Previous studies have investigated the association between smoking status, intensity, duration, and pack-years with RA risk(2, 3, 5, 7, 12–14). However, only a few studies have investigated whether smoking cessation might reduce RA risk(5, 15–17). A previous investigation in the Nurses’ Health Study (NHS) suggested that the RA risk for past smokers was similar to the risk of never smokers by 20 years after smoking cessation(5). However, a true elevation of RA risk after long-term sustained smoking cessation may have been difficult to detect given sample size and follow-up limitations. Another study in Sweden suggested a reduced risk for RA with increased duration of smoking cessation, but these results were not statistically significant(15).
To investigate the association between smoking cessation and RA risk, repeated measures of smoking in a large sample size with lengthy follow-up prior to RA diagnosis are required. Therefore, we used two longitudinal cohorts of female nurses, the NHS and the NHSII, to investigate smoking cessation and RA risk using up to 38 years of prospective follow-up. The aims of this study were to investigate the association between smoking cessation and the risk of RA overall, and by serologic phenotype. We also aimed to determine when and to what extent smoking cessation may reduce the elevated risk of developing RA overall, and by serologic phenotype. We hypothesized that smoking cessation would reduce seropositive RA risk, but that residual RA risk would remain elevated compared to never smokers for many years since smoking cessation.
METHODS
Study population
The NHS and NHSII are prospective cohort studies of US female registered nurses. Participants completed baseline and biennial questionnaires regarding lifestyle, health behaviors, medications, and diseases. The NHS began in 1976 and enrolled 121,700 nurses aged 30–55 years; the NHSII was established in 1989 and enrolled 116,430 nurses aged 25–42 years. Both cohorts have >90% follow-up response rates and only 5% of person-time has been lost to follow-up(18).
For this analysis, we excluded participants that reported RA and other connective tissue diseases (CTD) at baseline, were missing baseline smoking information, or only answered the baseline questionnaire. After exclusions, 117,182 NHS participants followed 1976–2014 and 113,550 NHSII participants followed 1989–2015 were analyzed. All participants provided informed consent and this study was approved by the Partners HealthCare institutional review board.
Smoking exposures
On the baseline questionnaire, women reported smoking status (never/past/ current) and age at which they began to smoke. Current smokers were asked the number of cigarettes typically smoked per day, and past smokers provided the age at which they stopped smoking and the number of cigarettes smoked per day before quitting. On subsequent questionnaires, women reported smoking status and intensity (1–14, 15–24, ≥25 cigarettes/day). Smoking pack-years were derived by multiplying packs of cigarettes smoked per day (20 cigarettes per pack) with number of years smoked. Since smokers often stop and restart smoking, all smoking exposure variables were time-updated.
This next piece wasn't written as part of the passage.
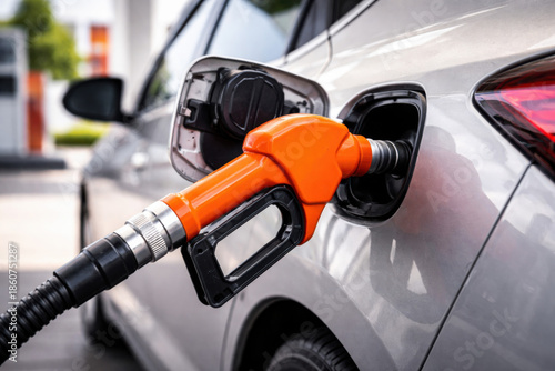 Bright orange fuel nozzle is inserted into a car's gas tank, reflecting the routine moment of refueling at a modern gas station.

Identification of incident RA
RA cases were identified by a two-stage procedure. Participants who self-reported a new diagnosis of RA were contacted by mailing the CTD Screening Questionnaire (CSQ)(19). Medical records of participants with positive CSQ were requested and reviewed independently by two rheumatologists to identify RA cases meeting the 1987 American College of Rheumatology (ACR) or 2010 ACR/European League Against Rheumatism RA classification criteria(20). In addition to components of these classification criteria, dates of symptom onset/diagnosis and clinical laboratory results of RF and anti-CCP were collected. Cases therefore had confirmed incident RA with documented serologic phenotype from medical records. For women who were diagnosed with RA prior to the clinical use of anti-CCP in the early 2000s, serologic phenotype was determined by RF from medical record review. A subset of cases with blood banked prior to or after the date of RA onset had anti-CCP tested for research purposes, so we re-classified a few women as seropositive (n=23). Thus, participants were classified as seropositive if RF or anti-CCP were positive and seronegative if both RF and anti-CCP (if available) were negative.
Covariates
We selected covariates as potential confounders associated with cigarette smoking and RA based on previous studies(2, 7, 12). Time-updated sociodemographic covariates included age, race, and household income (categorized by quartile of US Census tract-based median household income at zip code level). Potential time-updated reproductive confounders were oral contraceptive use (categorized as ever or never users), parity/total breastfeeding duration, menopausal status, and postmenopausal hormone (PMH) use. We used a combined “parity/total breastfeeding duration” variable categorized as: nulliparous, parous/0-<1 month, parous/1–11 months, or parous/≥12 months, and a combined variable for menopausal status and PMH use: premenopausal, postmenopausal/never, or postmenopausal/ever. We defined time-updated sedentary physical activity as <3 MET-hours/week(21) and categorized time-updated Body mass index (BMI) as: <25.0, 25.0 to <30.0, or ≥30.0 kg/m2. Alcohol consumption (also time-updated) was assessed by a semi-quantitative food frequency questionnaire(22). We calculated cumulative average alcohol as a long-term measure of intake and categorized as none to <5, 5 to <10 and ≥10 grams/day. Missing data on physical activity, BMI, and alcohol were carried forward one cycle and then a missing indicator variable was created for data missing beyond one cycle.
Statistical analysis
We pooled data from the NHS and NHSII into a single analysis for statistical efficiency given exposures with many categories, planned subgroup analyses, and analyses for RA serologic phenotypes. We reported age-adjusted descriptive statistics for covariates across smoking status categories (never/past/current) for the NHS in 1988 and the NHSII in 1989 since these were the first cycles at similar calendar periods.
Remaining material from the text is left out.